Available data Start Marker
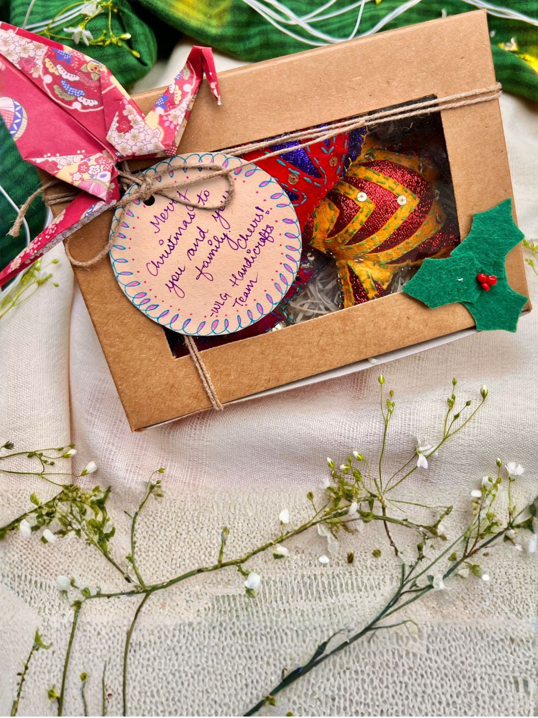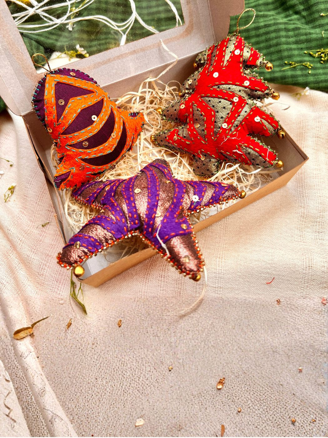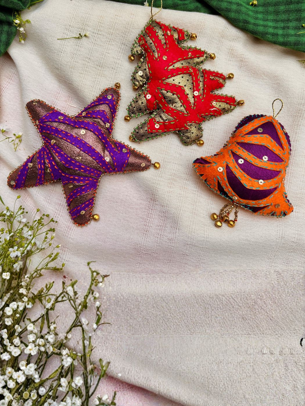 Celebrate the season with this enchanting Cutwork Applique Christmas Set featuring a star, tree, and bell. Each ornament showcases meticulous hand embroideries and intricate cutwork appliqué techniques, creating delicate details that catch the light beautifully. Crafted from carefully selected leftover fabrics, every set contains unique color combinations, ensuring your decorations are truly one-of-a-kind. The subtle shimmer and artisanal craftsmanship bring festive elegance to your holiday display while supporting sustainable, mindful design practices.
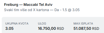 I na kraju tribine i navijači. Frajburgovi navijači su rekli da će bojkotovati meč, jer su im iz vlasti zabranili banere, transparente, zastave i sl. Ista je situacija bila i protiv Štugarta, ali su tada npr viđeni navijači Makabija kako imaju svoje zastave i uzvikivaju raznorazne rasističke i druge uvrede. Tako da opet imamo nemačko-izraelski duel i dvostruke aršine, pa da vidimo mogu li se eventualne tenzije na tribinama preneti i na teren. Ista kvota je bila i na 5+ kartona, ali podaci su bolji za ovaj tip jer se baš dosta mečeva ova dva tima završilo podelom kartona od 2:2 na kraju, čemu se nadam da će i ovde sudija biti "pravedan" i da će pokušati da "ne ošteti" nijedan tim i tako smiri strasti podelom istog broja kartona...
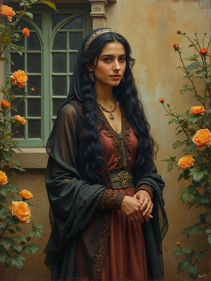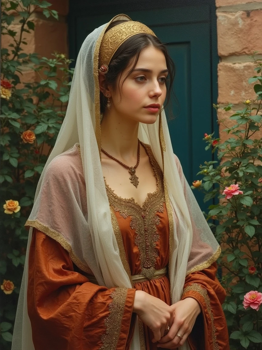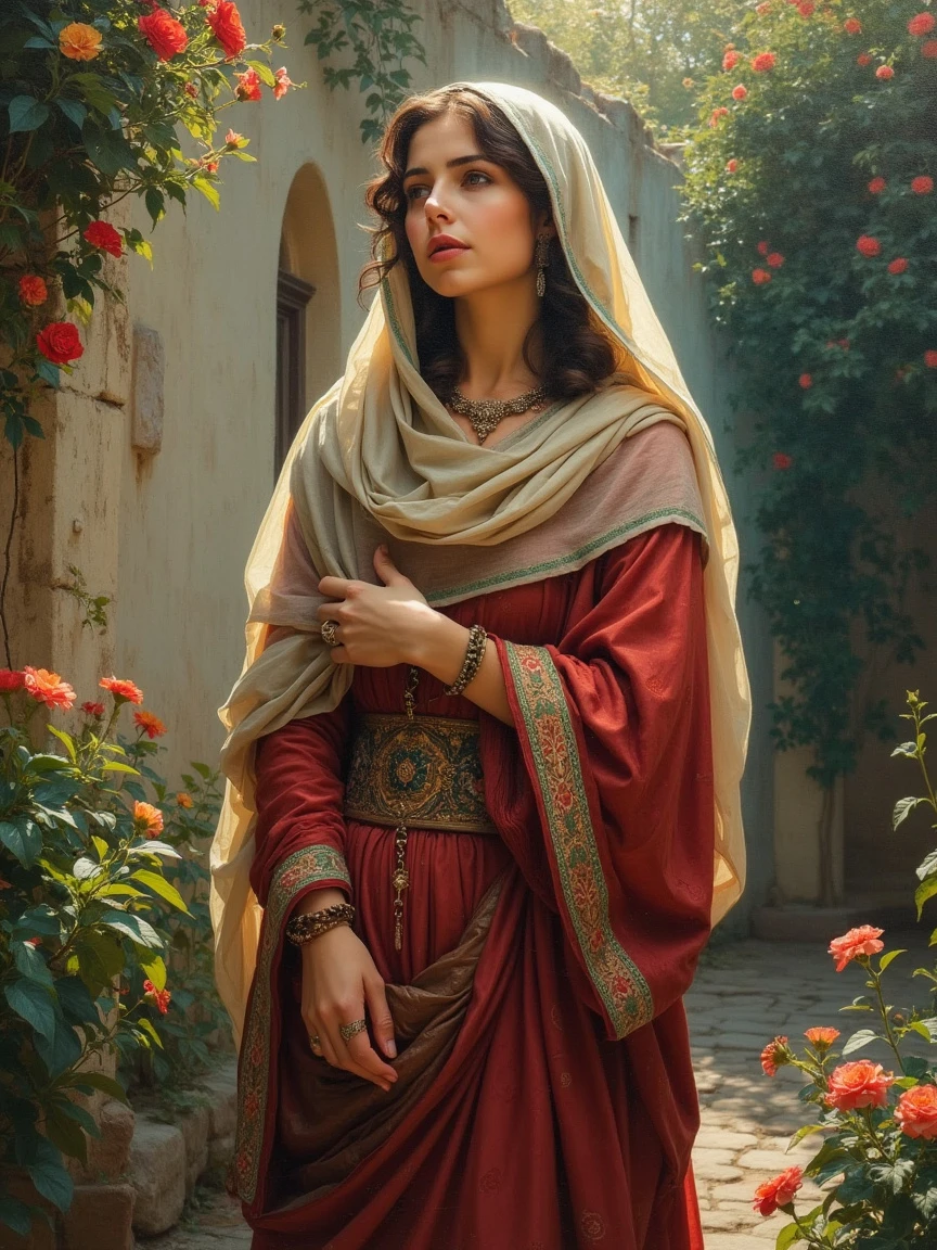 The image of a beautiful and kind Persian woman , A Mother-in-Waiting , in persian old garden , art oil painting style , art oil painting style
Available data End Marker
### Activity
Reproduce each line above exactly, but not a single picture.

### Solution to the problem
 Celebrate the season with this enchanting Cutwork Applique Christmas Set featuring a star, tree, and bell. Each ornament showcases meticulous hand embroideries and intricate cutwork appliqué techniques, creating delicate details that catch the light beautifully. Crafted from carefully selected leftover fabrics, every set contains unique color combinations, ensuring your decorations are truly one-of-a-kind. The subtle shimmer and artisanal craftsmanship bring festive elegance to your holiday display while supporting sustainable, mindful design practices.
 I na kraju tribine i navijači. Frajburgovi navijači su rekli da će bojkotovati meč, jer su im iz vlasti zabranili banere, transparente, zastave i sl. Ista je situacija bila i protiv Štugarta, ali su tada npr viđeni navijači Makabija kako imaju svoje zastave i uzvikivaju raznorazne rasističke i druge uvrede. Tako da opet imamo nemačko-izraelski duel i dvostruke aršine, pa da vidimo mogu li se eventualne tenzije na tribinama preneti i na teren. Ista kvota je bila i na 5+ kartona, ali podaci su bolji za ovaj tip jer se baš dosta mečeva ova dva tima završilo podelom kartona od 2:2 na kraju, čemu se nadam da će i ovde sudija biti "pravedan" i da će pokušati da "ne ošteti" nijedan tim i tako smiri strasti podelom istog broja kartona...
 The image of a beautiful and kind Persian woman , A Mother-in-Waiting , in persian old garden , art oil painting style , art oil painting style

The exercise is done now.